DATASET RECORDS ->
---

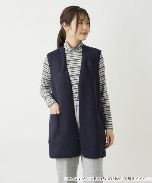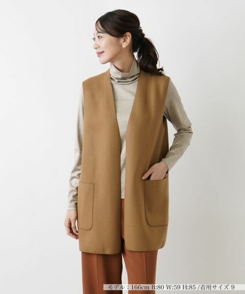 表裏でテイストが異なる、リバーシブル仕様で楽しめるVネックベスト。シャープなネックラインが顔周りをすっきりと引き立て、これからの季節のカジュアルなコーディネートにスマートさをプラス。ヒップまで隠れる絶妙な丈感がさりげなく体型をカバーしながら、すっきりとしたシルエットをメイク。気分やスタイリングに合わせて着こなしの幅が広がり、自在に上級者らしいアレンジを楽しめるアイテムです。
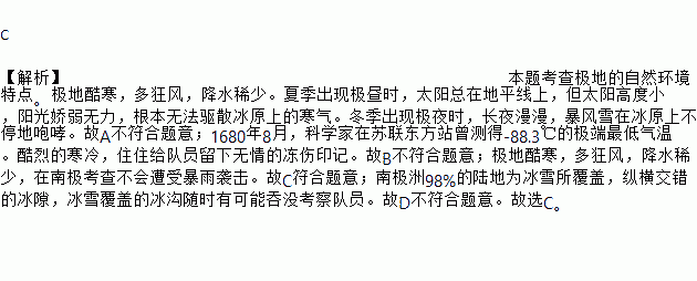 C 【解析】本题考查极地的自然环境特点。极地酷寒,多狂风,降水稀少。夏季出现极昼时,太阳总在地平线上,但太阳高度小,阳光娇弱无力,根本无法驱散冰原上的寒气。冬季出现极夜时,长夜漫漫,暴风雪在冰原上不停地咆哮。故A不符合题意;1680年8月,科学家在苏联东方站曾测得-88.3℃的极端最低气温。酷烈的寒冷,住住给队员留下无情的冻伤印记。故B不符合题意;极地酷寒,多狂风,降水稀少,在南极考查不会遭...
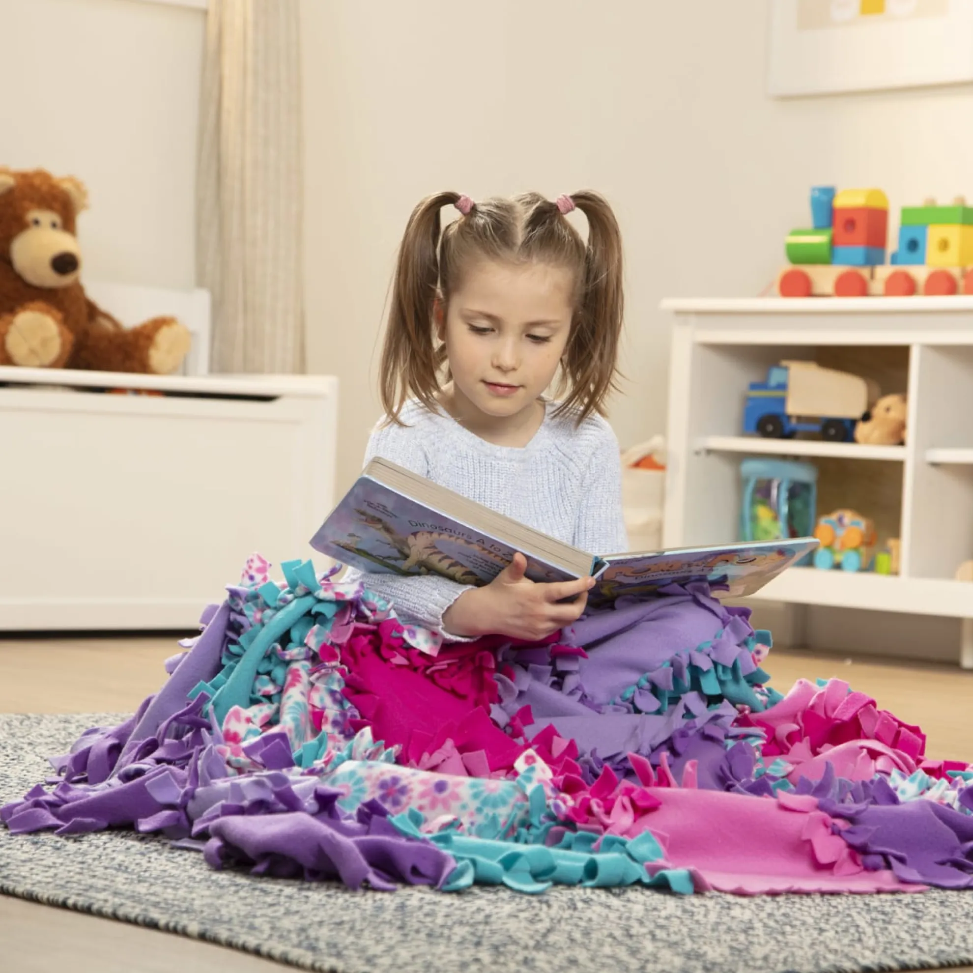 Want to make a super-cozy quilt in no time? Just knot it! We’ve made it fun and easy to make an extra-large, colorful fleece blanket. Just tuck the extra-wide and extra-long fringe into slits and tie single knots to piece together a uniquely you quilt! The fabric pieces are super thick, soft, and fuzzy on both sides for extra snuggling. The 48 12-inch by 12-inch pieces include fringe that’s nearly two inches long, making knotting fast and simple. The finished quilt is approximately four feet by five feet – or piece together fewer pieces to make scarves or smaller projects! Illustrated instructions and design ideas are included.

---

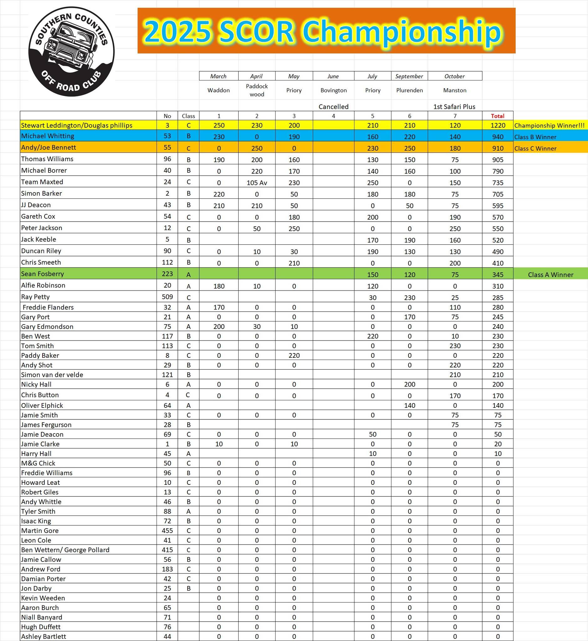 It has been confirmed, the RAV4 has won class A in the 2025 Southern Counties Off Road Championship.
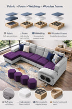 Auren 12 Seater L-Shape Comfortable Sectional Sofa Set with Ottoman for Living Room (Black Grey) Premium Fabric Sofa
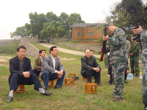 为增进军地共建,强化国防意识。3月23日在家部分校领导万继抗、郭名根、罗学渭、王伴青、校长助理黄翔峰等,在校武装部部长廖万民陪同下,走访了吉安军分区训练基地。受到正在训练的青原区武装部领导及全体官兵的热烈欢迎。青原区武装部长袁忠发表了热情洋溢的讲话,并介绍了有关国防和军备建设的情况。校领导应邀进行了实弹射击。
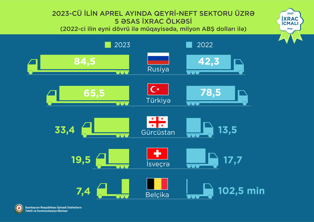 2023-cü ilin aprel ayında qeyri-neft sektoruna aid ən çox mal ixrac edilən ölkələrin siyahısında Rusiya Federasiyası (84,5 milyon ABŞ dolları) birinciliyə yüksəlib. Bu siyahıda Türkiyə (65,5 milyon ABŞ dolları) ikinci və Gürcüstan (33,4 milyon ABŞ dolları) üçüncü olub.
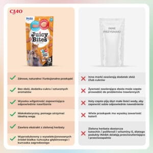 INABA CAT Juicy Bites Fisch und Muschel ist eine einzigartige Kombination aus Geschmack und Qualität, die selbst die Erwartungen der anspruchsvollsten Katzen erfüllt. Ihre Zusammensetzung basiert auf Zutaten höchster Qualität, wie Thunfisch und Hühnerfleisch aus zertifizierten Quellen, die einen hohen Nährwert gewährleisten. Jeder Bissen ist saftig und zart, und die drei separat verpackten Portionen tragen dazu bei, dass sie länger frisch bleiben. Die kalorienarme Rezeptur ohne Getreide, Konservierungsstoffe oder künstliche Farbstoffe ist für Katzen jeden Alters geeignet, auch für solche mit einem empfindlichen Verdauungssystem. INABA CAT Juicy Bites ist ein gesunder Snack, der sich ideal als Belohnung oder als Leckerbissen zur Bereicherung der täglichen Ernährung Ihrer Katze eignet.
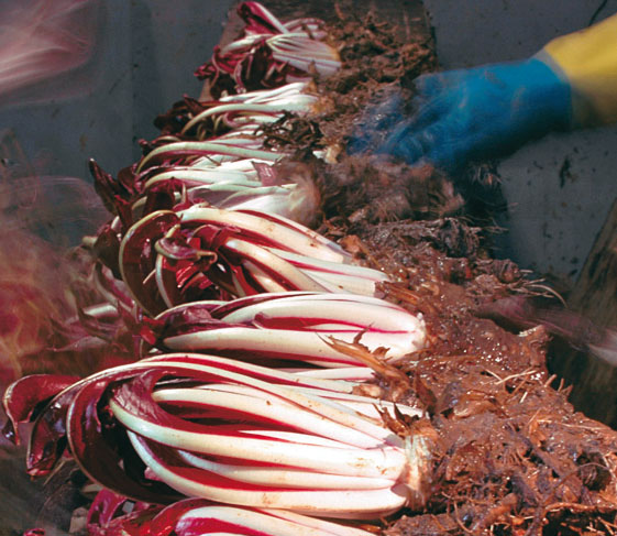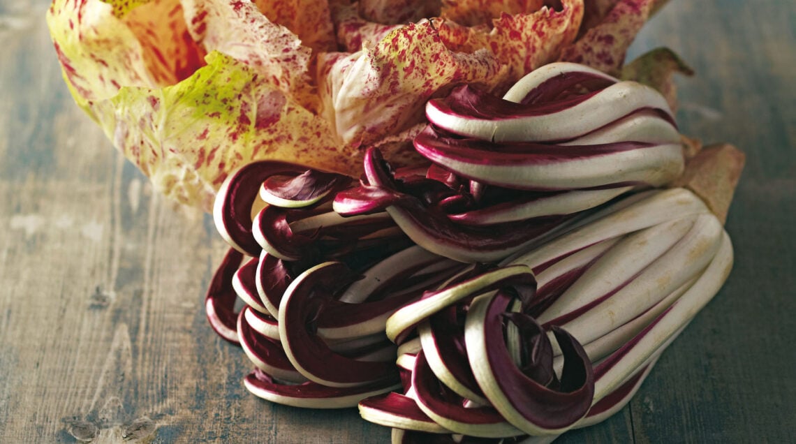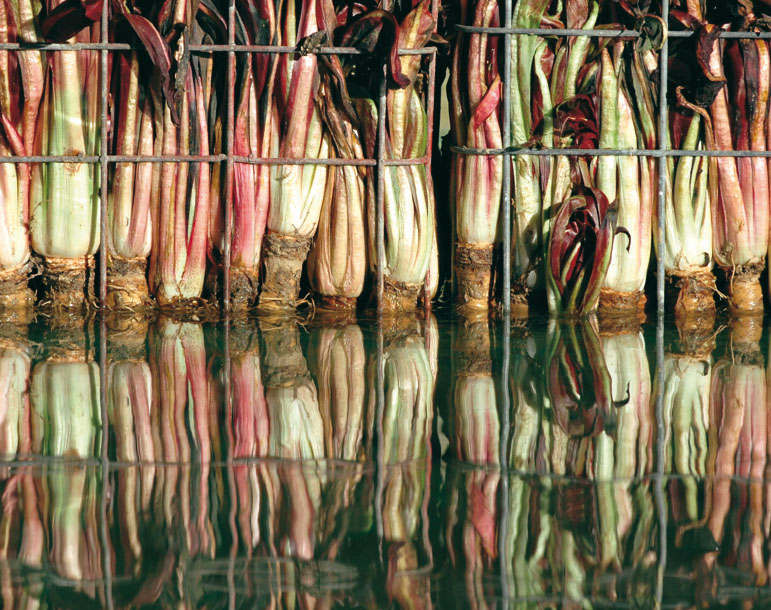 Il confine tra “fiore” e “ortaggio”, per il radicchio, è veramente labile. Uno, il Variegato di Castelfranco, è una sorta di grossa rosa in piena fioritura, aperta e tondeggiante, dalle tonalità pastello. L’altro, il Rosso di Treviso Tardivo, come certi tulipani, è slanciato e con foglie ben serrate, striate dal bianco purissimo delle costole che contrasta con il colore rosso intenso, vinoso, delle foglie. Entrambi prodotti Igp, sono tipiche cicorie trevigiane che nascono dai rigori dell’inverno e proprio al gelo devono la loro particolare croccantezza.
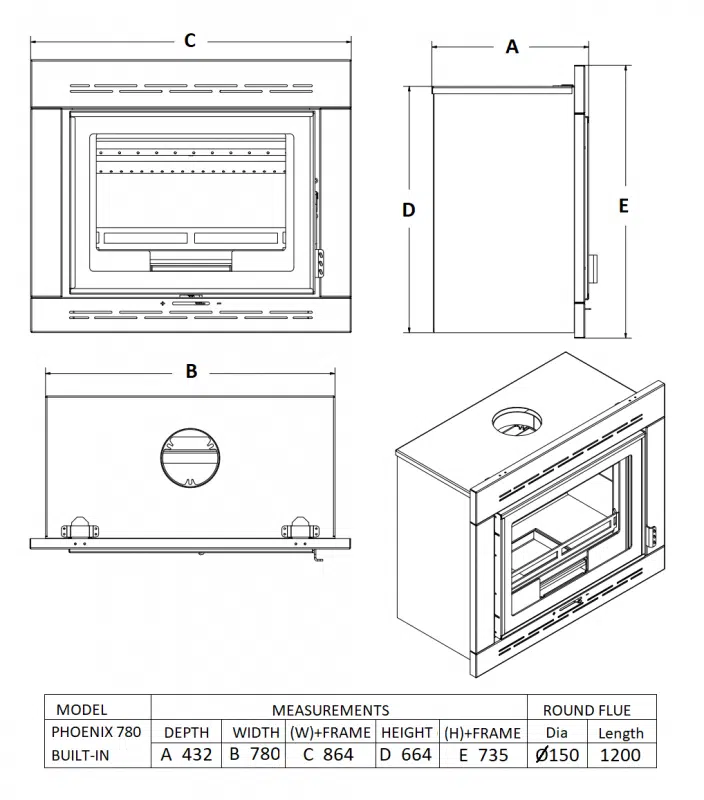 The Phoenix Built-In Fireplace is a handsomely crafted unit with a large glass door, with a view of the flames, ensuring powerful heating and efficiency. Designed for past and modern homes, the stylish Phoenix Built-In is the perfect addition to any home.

---

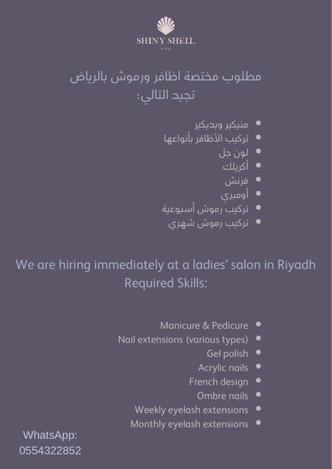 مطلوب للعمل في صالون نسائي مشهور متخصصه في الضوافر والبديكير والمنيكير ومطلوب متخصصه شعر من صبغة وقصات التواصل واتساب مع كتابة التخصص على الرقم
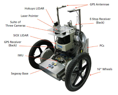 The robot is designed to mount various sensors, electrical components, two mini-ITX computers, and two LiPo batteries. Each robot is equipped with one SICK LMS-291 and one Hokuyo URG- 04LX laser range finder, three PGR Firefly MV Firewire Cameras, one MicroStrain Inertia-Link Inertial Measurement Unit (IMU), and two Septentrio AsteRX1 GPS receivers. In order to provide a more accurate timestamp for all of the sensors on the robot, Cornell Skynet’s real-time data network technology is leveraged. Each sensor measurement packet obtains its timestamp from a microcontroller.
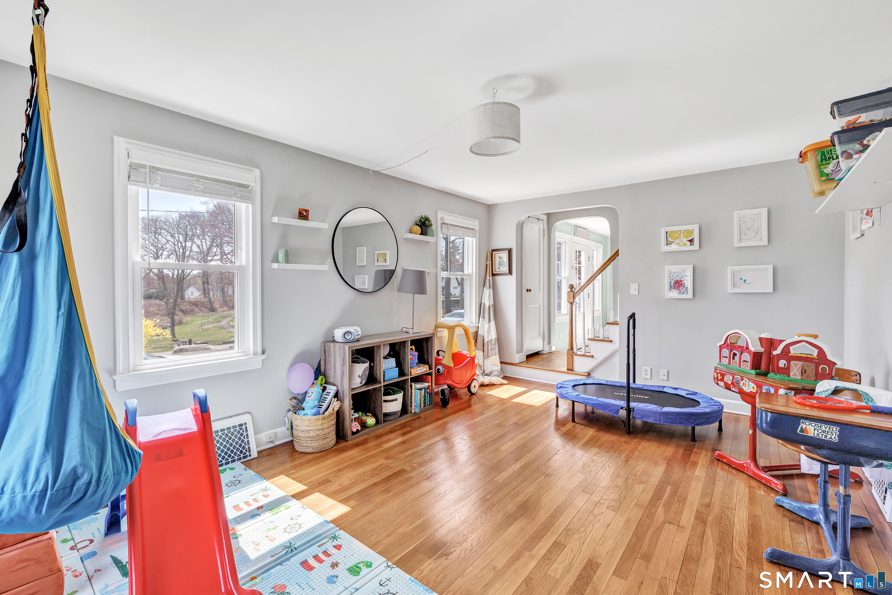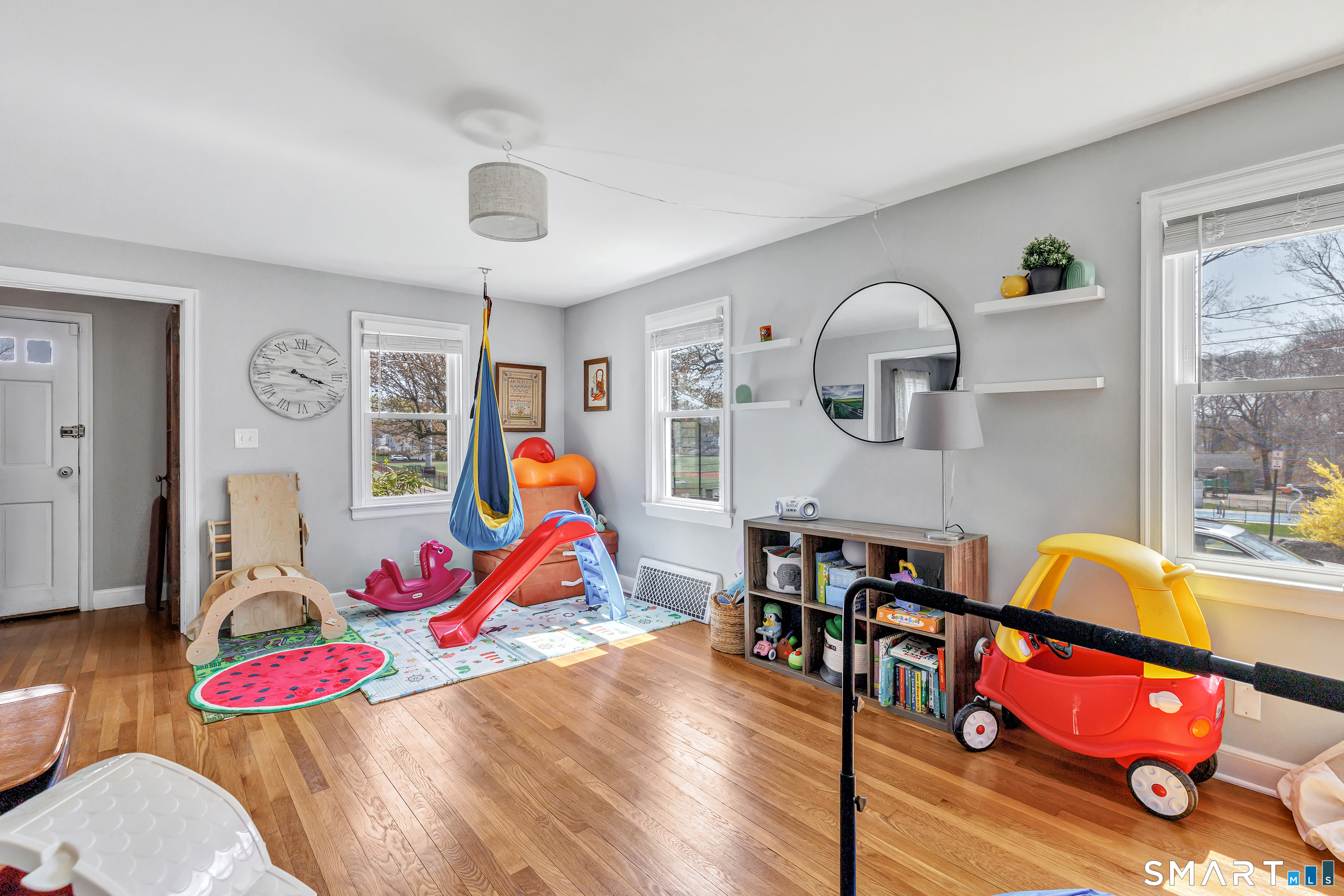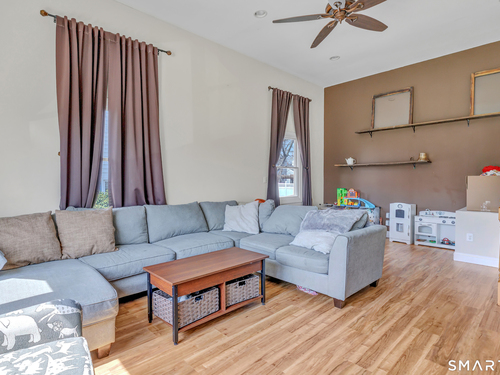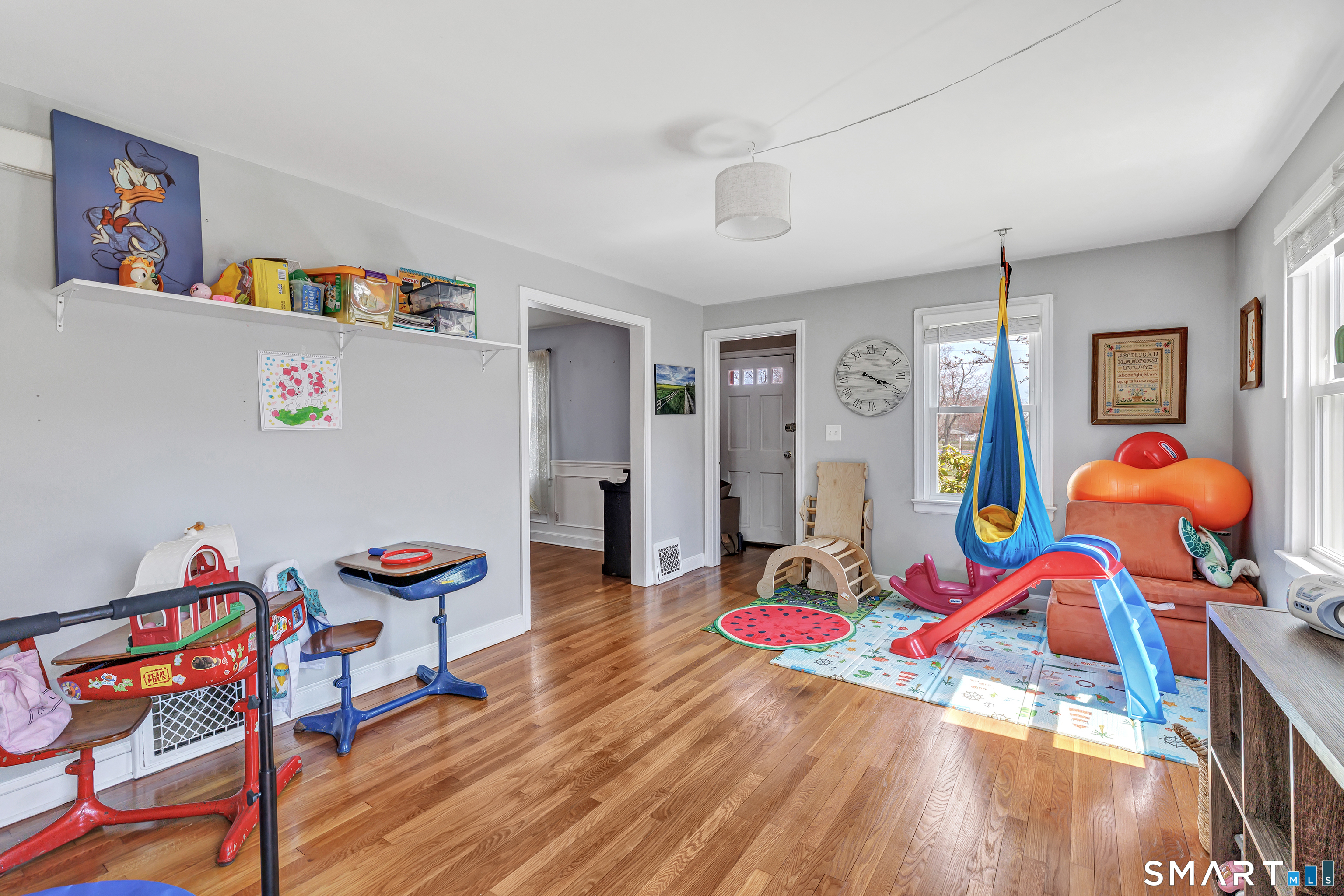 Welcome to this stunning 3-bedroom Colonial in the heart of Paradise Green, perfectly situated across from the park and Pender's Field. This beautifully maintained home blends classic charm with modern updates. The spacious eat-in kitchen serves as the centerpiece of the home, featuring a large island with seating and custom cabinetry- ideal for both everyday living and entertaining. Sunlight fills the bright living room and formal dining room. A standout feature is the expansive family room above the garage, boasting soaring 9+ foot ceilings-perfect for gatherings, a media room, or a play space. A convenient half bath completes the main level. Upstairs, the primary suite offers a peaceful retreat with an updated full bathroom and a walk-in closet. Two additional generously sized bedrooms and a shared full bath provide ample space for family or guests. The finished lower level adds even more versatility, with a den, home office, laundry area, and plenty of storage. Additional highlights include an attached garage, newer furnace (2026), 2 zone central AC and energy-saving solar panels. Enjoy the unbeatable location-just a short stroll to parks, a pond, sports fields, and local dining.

---

GOAL OF THE EXERCISE -> What to print is the stretch of entries from the line with "It has been" up to and including the line with "Auren 12 Seater". Please print it exactly and leave out the pictures.

REPLY TO THE TASK ->
 It has been confirmed, the RAV4 has won class A in the 2025 Southern Counties Off Road Championship.
 Auren 12 Seater L-Shape Comfortable Sectional Sofa Set with Ottoman for Living Room (Black Grey) Premium Fabric Sofa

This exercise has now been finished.